Use - The full size model I have would work but it is large heavy and would work concealed with effort, as an open-carry gun that problem is eliminated. To be honest why (when they would expect to re-contract their arms) a police department wouldn't switch to this series - I don't know. This gun works like it should be more common in pistol competitions and in the hands of experienced shooters, the designer obviously is a shooter with specific demands.

Ergonomics - Ergonomic design is excellent and with the cut in on the grip it works for small and large hands well. This handgun in the full size series points naturally and is designed for quick target leveling.

Current production - Steyr is an on again - off again production into the US there are new in box, used and current production available.

From the Internet. Why Glocks are NOT Double Action.

...(I)n fact striker-fire, (is) SINGLE action, no matter what Glock and the box says. This misunderstanding has annoying operational implications, and possibly dangerous defensive implications.

Single Action: Pulling the trigger does ONE thing : if the hammer has been cocked, it will release the hammer. Trigger pull is light, short, and consistant between first and subsequent shots. Example: Star Firestar Plus.

Double Action: Pulling the trigger does TWO things : it will first cock the hammer if it hasn't been cocked, and then it will release the hammer. DA Trigger pull is longer and heavier than SA, but the user can cock the hammer first if they want to fire in "Single Action Mode." If the gun is semi-automatic, the first shot is DA, subsequent shots are SA due to the slide cocking the hammer for you, resulting in differing trigger feel as described above. Example : Beretta 8045, Hoekler and Koch USP series, etc.

Double Action ONLY: Any DA gun which does not allow pre-cocking the hammer because the hammer won't stay cocked, and is often bobbed or hidden. No decock is ever needed, and trigger pull is consistent between first and subsequent shots.
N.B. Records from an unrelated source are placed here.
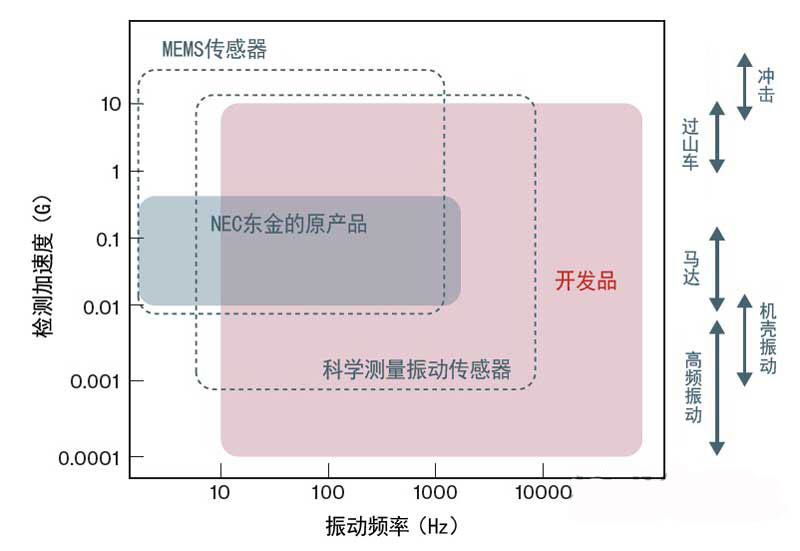 圖1:NEC東金開(kāi)發(fā)的振動(dòng)傳感器的檢測(cè)范圍
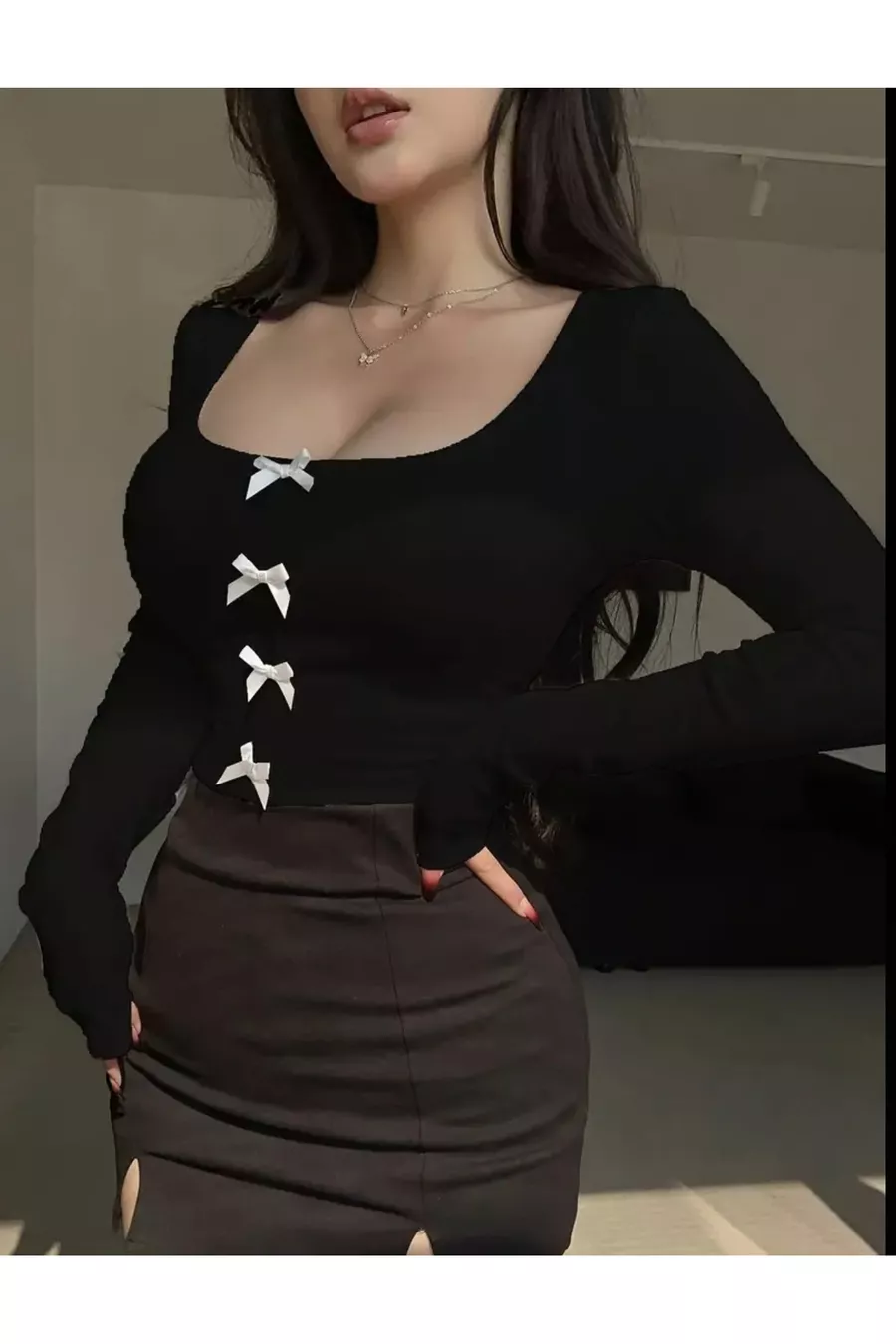 Top corto in maglia nera con scollo quadrato e dettagli a nastro
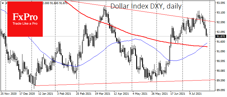 Не стоит забывать и о фундаментальной причине ослабления американской валюты: высокая инфляция разъедает ее покупательную способность. Сейчас доходность двухлетних облигаций США составляет 0.2% при инфляции в 5.4% и прогнозах роста цен на 3.4% в 2021 и 2.1% в 2022.
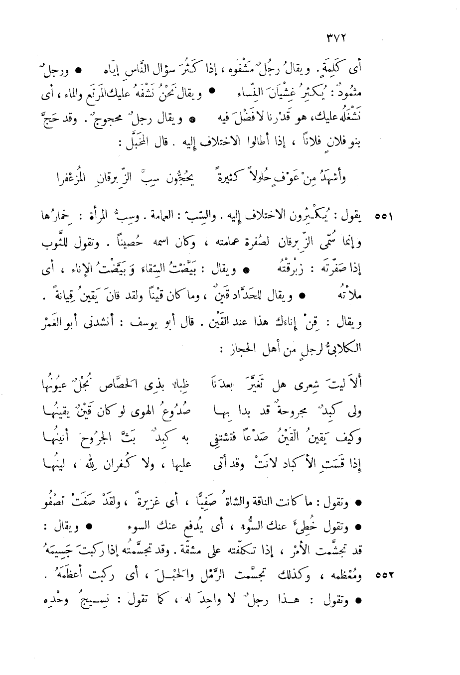 يقول يكثرون الاختلاف إليه والسب العمامة وسب المرأة خمارها وإنما سمي الزبرقان لصفرة عمامته وكان اسمه حصينا وتقول للثوب إذا صفرته زبرقته
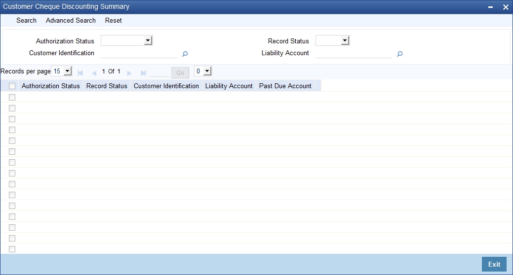 Here, you can query on customer cheque discounting details based on any one or all of the following criteria:
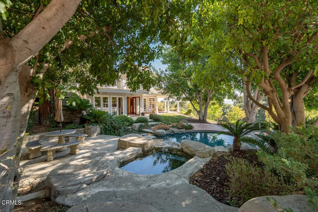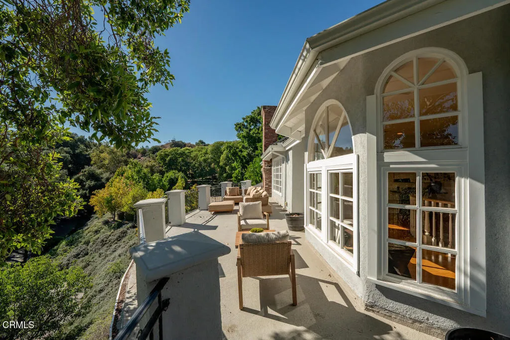 Nestled within the exclusive Bradbury Estates, a 24-hour guard-gated community renowned as one of California's most distinguished addresses, this exquisite home offers five bedrooms and six bathrooms designed for luxurious comfort and lifestyle. As you arrive, you're greeted by meticulously manicured landscaping and a serene ambiance that immediately sets the tone for the grandeur within. Custom-built by Mur-Sol Construction, this remarkable estate rests on nearly 5 acres and showcases exceptional craftsmanship, architectural precision, and thoughtful design.The main residence spans 6,579 square feet across two levels, offering an inviting yet sophisticated layout. The grand foyer welcomes you with soaring ceilings, a graceful curved staircase, and an abundance of natural light that fills the home with warmth. At the heart of the home lies a gourmet chef's kitchen, equipped with high-end appliances, a large center island, and an inviting breakfast area framed by six sets of French doors that open seamlessly to the backyard and outdoor BBQ area. Adjacent, the formal dining room provides the perfect setting for intimate dinners or lavish celebrations. The luxurious primary suite is a private sanctuary, featuring a cozy fireplace, spa-inspired bath with soaking tub, dual vanities, and a spacious walk-in closet. Expansive balconies and a covered veranda capture sweeping vistas of the surrounding hillsides and city lights, creating the perfect backdrop for morning coffee or evening relaxation. Designed for both everyday living and grand entertaining, this estate offers an array of resort-style amenities, including a stunning pool and spa with a cascading rock waterfall, multiple outdoor lounge and dining areas, and a North-South-facing professional tennis court. For equestrian enthusiasts, the property also includes a full-size riding pavilion, casita, and stables. Set amidst the tranquil beauty of Bradbury, this estate offers the ultimate in privacy, prestige, and natural splendor. Renowned for its expansive estates, scenic landscapes, and exclusivity, Bradbury embodies refined luxury and timeless elegance, harmoniously blending world-class amenities with breathtaking natural surroundings and panoramic views.
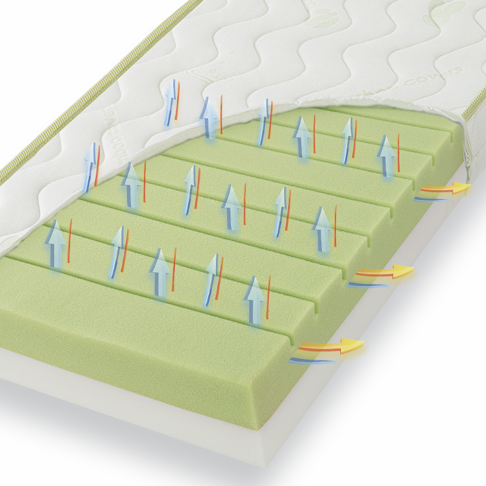 Poprzeczne i wzdłużne kanały wentylacyjne oraz wielopunktowe podparcie pleców zapewniają doskonałą cyrkulację powietrza oraz niepowtarzalny komfort snu podczas wypoczynku.
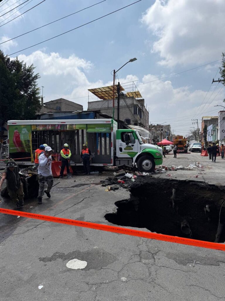 Autoridades locales reportaron que el socavón tiene una profundidad de ocho metros, así como doce metros de longitud y siete metros de ancho.
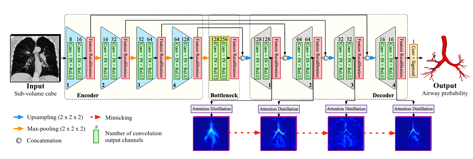Learning Bronchiole-Sensitive Airway Segmentation CNNs by Feature Recalibration and Attention Distillation
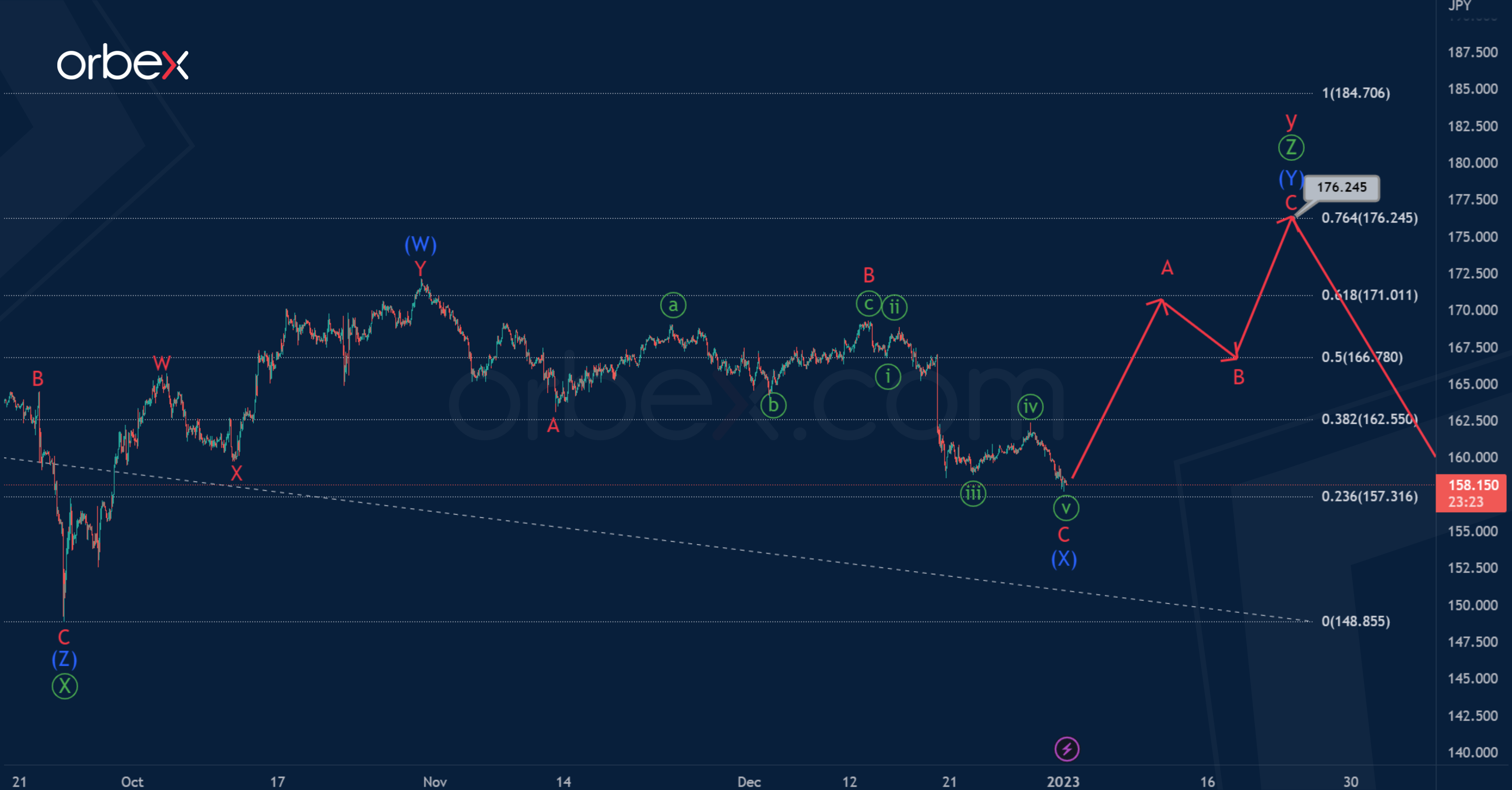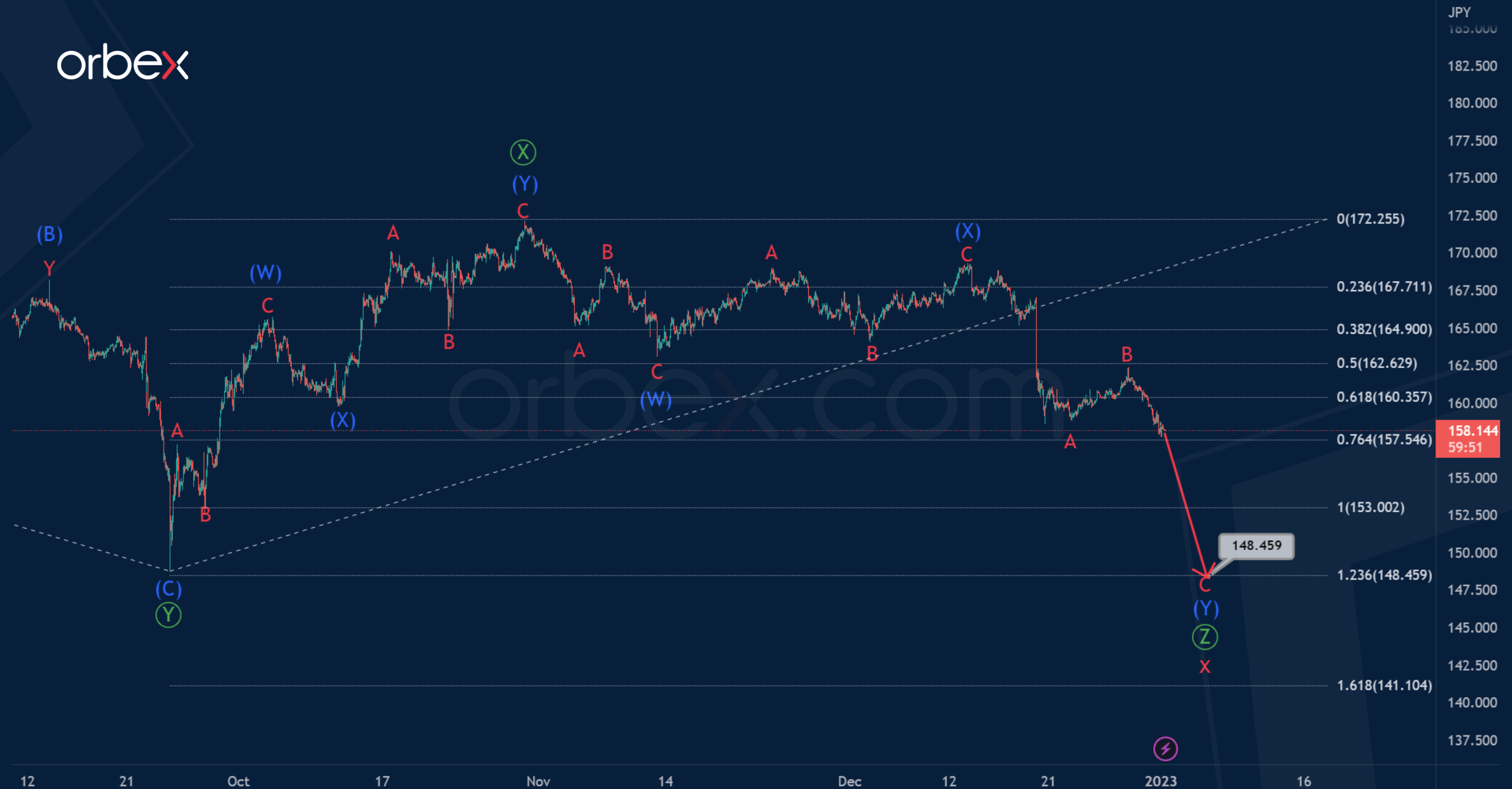 The present structure of the primary wave Ⓩ suggests an intermediate double zigzag (W)-(X)-(Y). The first two zigzag sub-waves (W) and (X) are already finished. Market participants can expect a fall in the sub-wave (Y). With its last impulse sub-wave C, the price may fall to the level of 148.17.

Example: AMT Backup

Striker Fire: Rather than a hammer, an internal striker is cocked and released to fire. The striker is cocked by the first motion of the slide, and there is no way to decock other than squeezing the trigger.

Any "true" double action gun will cock the hammer by squeezing the trigger, which means you don't HAVE to cock the hammer manually before the first shot as with a single action. In contrast, a Single Action gun you have to cock the hammer before you squeeze the trigger.

Glock claims to be "double action only" because :

1) You can't cock the hammer from a "hammer spur" externally, normally a sign that the gun is DAO.
2) In normal practice, pulling the trigger makes it go off, suggesting (falsely) that the trigger is cocking the hammer like a DA.
3) Trigger pull feels consistant between shots, suggesting DAO.

All three are wrong because :

1) Glock can be (and is) cocked externally for the first shot, but its done by the slide motion involved with loading the first round into the chamber rather than an overt hammer. This is true of any other semi-auto gun -- unless it really IS a DAO gun, any semi-auto can be cocked by racking the slide if you wanted).

2) The gun IS in fact cocked for the first shot before the trigger is pulled, and stays that way once cocked until fired, just like any other SINGLE ACTION. The second shot is cocked by the first, etc.

3) Just as with any other NON-DAO semi-auto, Glock counts on the process of chambering a round to cock the gun for you between shots. Since you always fire in single action mode, the trigger always feels the same.
After some research I found that striker fired true double action pistols do exist. The Walther P99 has several options that are examples of a true DA pistol that uses a striker-firing pin system with a second (plus) hit-the-primer capability. The trigger will continue to cock and release the firing pin. As I understand there are several other true double action striker fired pistols.